Konjuro’s Keep – Konjuro’s Keep

Pays : États-Unis
Genre : Dungeon Synth
Label : Indépendant
Date de sortie : 8 Février 2018

Le minimalisme semble faire un retour en force au sein de la communauté dungeon synth. La chose peut se vérifier aisément grâce aux différentes et excellentes sorties du label Heimat Der Katastrophe et grâce à certains projets tels que Skeleton War ou Konjuro’s Keep, dont il est question ici-même. Ce dernier vient d’ailleurs de mettre au monde son premier album, une sortie résolument épurée de tout artifice et riche d’une musique simple et la plupart du temps très entraînante. La tendance pourrait-elle prendre de l’ampleur ?

Konjuro’s Keep, du nom d’un personnage de l’univers de Swordquest, série de jeux vidéos d’Atari parus dans les années 1980, se présente comme n’importe quel projet qui s’inscrit dans une vision passéiste du genre dungeon synth. Thématique inspirée d’un jeu vidéo d’aventure old school, univers graphique très pixelisé, et musique rappelant inévitablement ces mêmes jeux vidéos, avec cependant des petites joyeusetés plus modernes. On ne va pas se mentir, c’est riche d’une charme certain. Techniquement, Konjuro’s Keep n’est donc pas aussi traditionnaliste que l’on pourrait le croire, mais le projet s’inspire évidemment des débuts du dungeon synth.

À certains égards, le projet américain partage certains points communs avec Hedge Wizard – il est d’ailleurs fort surprenant qu’il ne connaisse pas le même succès -, notamment sur le plan des sonorités mises en avant et de l’atmosphère générale de son univers musical. Il y a pire comme inspiration, si toutefois c’est réellement le cas. La musique de Konjuro’s Keep est également parsemée çà et là de morceaux ou passages plus enchanteurs et fleuris, citons notamment l’introduction de « Konjuro’s Keep », qui se démarque par la légèreté de son ambiance. Même si la thématique de l’album se veut sans doute épique, c’est effectivement une certaine insouciance qui prime sur n’importe quelle autre sensation, on ne va donc pas bouder notre plaisir.

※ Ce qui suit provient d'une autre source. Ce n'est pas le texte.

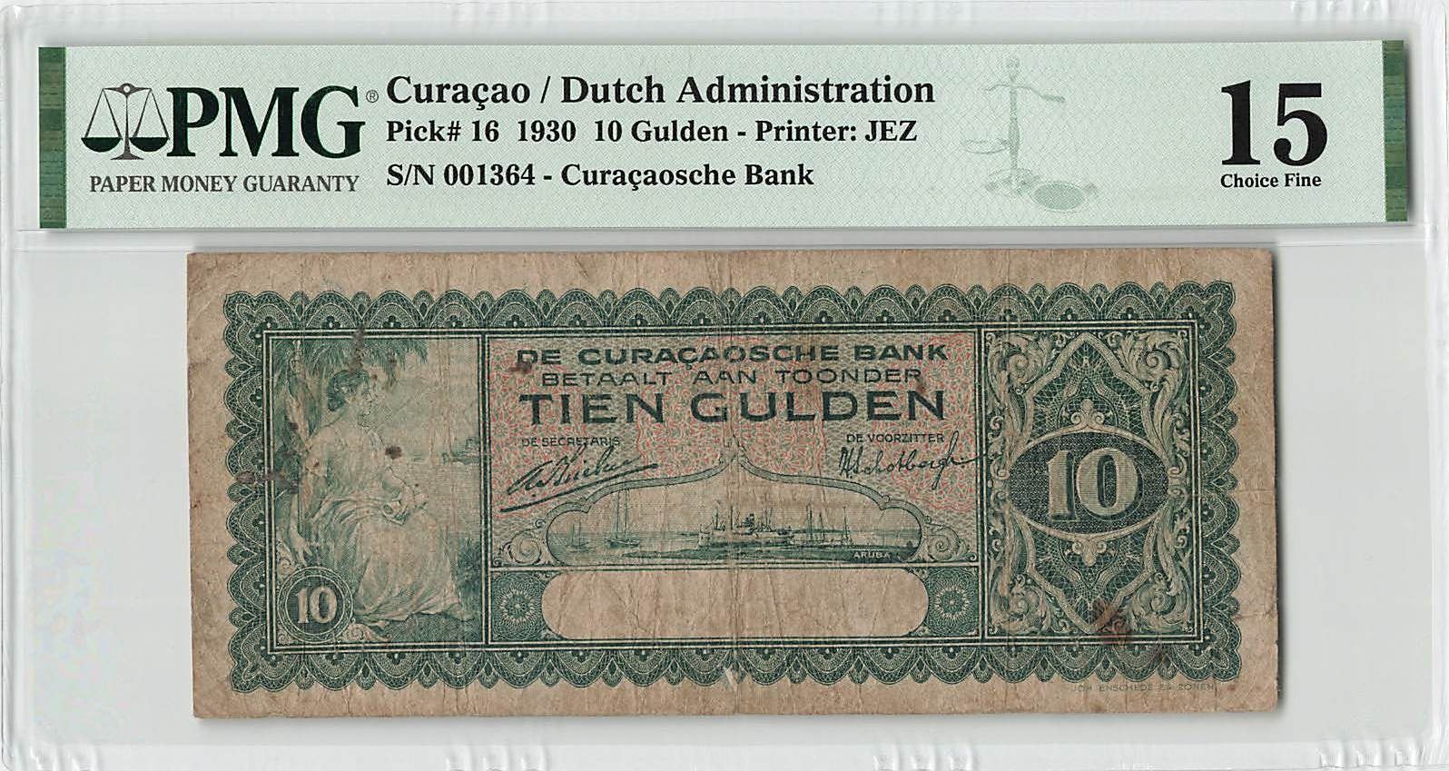 Curacao 10 Gulden 1930 Pick 16 PMG Choice Fine 15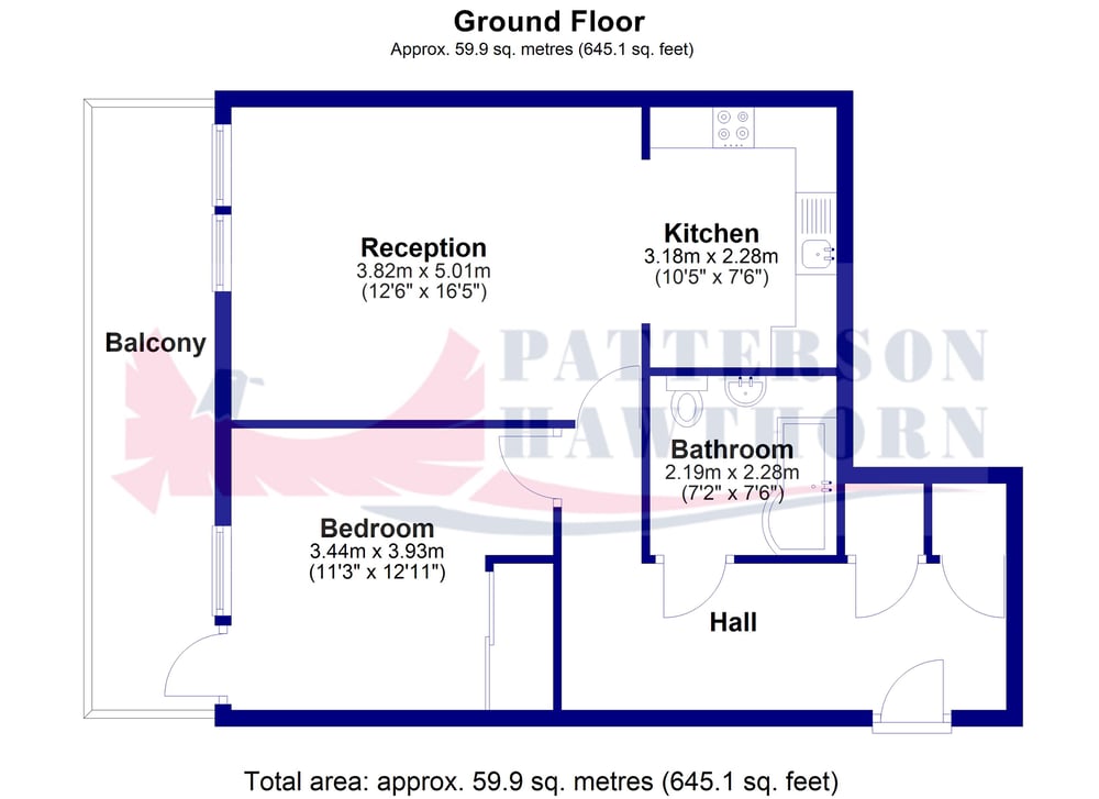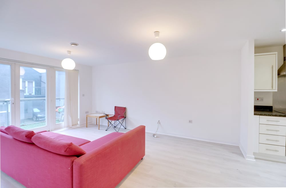 5.02m x 3.82m (16' 6" x 12' 6") Double glazed windows to front, radiator, laminate flooring, uPVC framed double glazed door to front opening to balcony.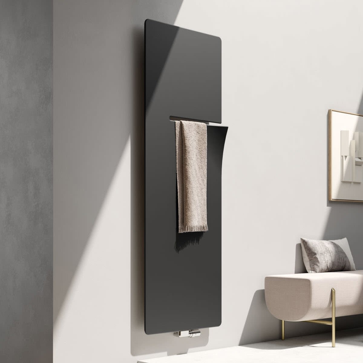 Der Bad- und Wohnheizkörper bringt das Besondere im Außergewöhnlichen zum Vorschein. Sein zeitlos flächiges Design wird durchbrochen von einer einzigartigen, seitlichen Aussparung. Sie ist gleichermaßen optisches Highlight und komfortables Detail zum bequemen Einfädeln und wieder Aufnehmen des Handtuchs - angenehm vorgewärmt und genau in bedienerfreundlicher Höhe.

Sur le plan quantitatif, Konjuro’s Keep offre à boire et à manger. La longueur des pistes varie de la minute et demie de « The Hall of Madness » aux plus de dix-sept-minutes du titre éponyme, mais globalement, il serait bien impertinent de considérer que l’album est court. En vérité, il serait de toute manière impertinent de reprocher quoi que ce soit à cet album, tant il fait mouche sur de nombreux plans. Grâce à une musique accessible et accrocheuse, le premier album du projet se doit d’être écouté encore et encore. Konjuro’s Keep est un nouveau projet à suivre de près outre-Atlantique, comme s’il n’y en avait déjà pas suffisamment…

Imaginez un mélange entre la magie d’Acheulean Forests, la science de la mélodie de Hedge Wizard, et le minimalisme de Skeleton War, et vous obtiendrez cette petite perle brute qu’est Konjuro’s Keep. La première sortie du projet américain est assurément l’une des excellentes surprises de ce début d’année en matière de dungeon synth. Espérons simplement que l’album obtiendra le succès qu’il mérite, car ce n’est pour le moment pas le cas.